O <- c(50, 28, 3, 11)
n <- sum(O)
E <- c((O[1]+O[2])*(O[1]+O[3]),
       (O[1]+O[2])*(O[2]+O[4]),
       (O[3]+O[4])*(O[1]+O[3]),
       (O[3]+O[4])*(O[2]+O[4]))/n
Status Alive Dead
1 Owns a Pet 50 (44.9) 3 (5.9)
2 Does not own a Pet 28 (33.1) 11 (8.1)
chi2 <- sum((O-E)^2/E)
round(c(chi2, 1-pchisq(chi2, 1)), 3) 
## [1] 8.851 0.003

this has a chisquare distribution with 1(=(r-1)(c-1)) df.

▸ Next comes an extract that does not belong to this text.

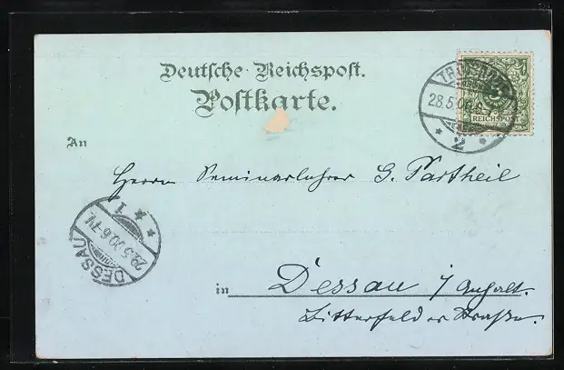 Personenbezogene Daten auf der Rückseite der Karte wurden durch blauen Textmarker unkenntlich gemacht. Die blauen Stellen sind auf die Vorderseite durchgeweicht und wirken sich negativ auf das Postkartenfoto aus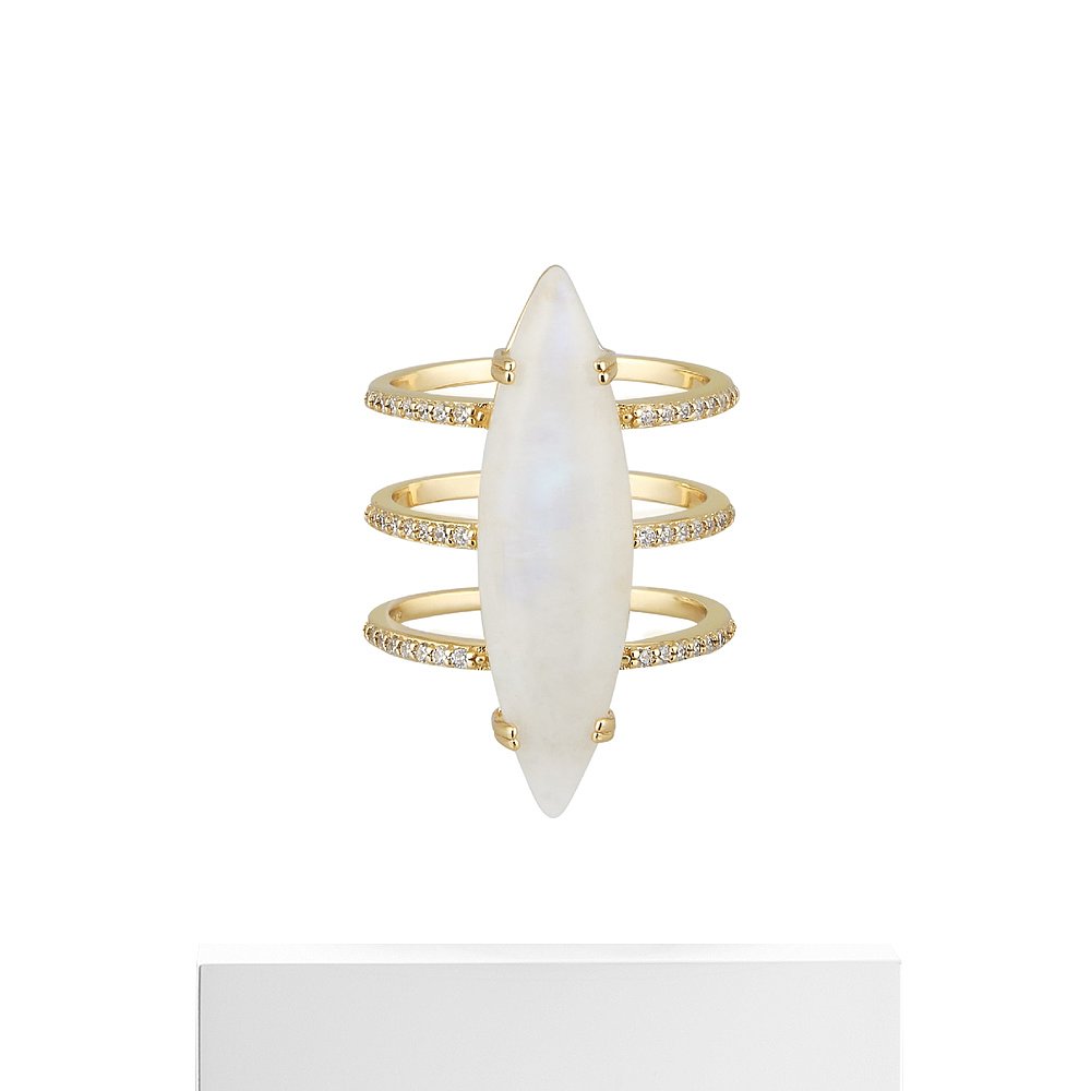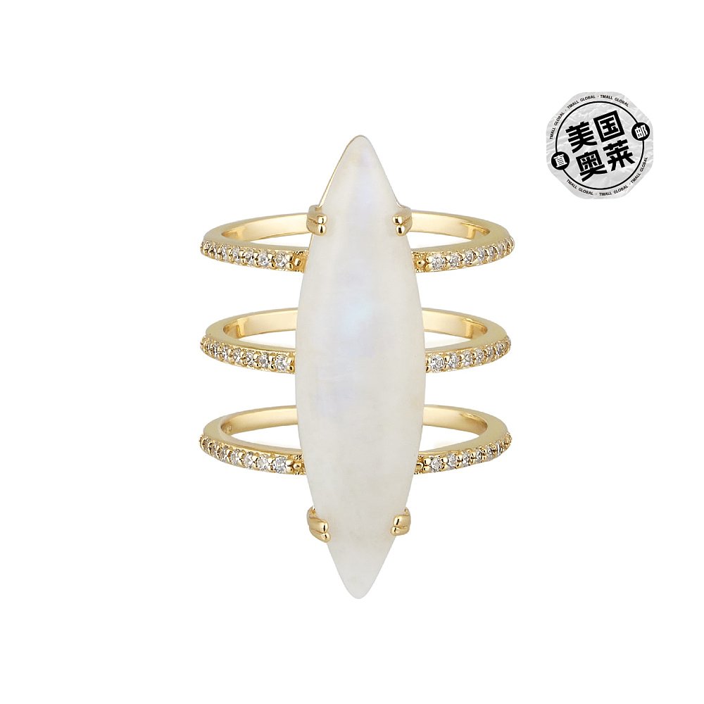 自营 Adornia 月光石侯爵戒指 14k 镀金纯银 - 白色 美国奥莱直发

So again we see that one of the famous methods in Statistics can be derived from the likelihood ratio test (plus some extra approximations).


We have done this for a 2x2 table, but the generalization to an RxC table is straight forward.

Bayesian Analysis

as always this starts with a prior. If we again use the parametrization \((p_1,..,p_4)\) then \(Z=(z_1,..,z_4)\) has a multinomial distribution \((n,p_1,..,p_4)\) where n is assumed to be known.

A conjugate prior for the multinomial is the Dirichlet distribution with density

\[\pi(p)\propto\prod p_i^{\alpha_i-1}\]

and then \(\pi(p|z) \sim D(n, \alpha_1+z_1,.., \alpha_4+z_4)\).

The choice of \(\alpha_1=..=\alpha_4=1\) is a non-informative prior (\(p_i=1/k\)). The null hypothesis of independence then means independence of the posterior distribution, same as above. Indeed, under the non-informative prior we could again recover the chisquare test.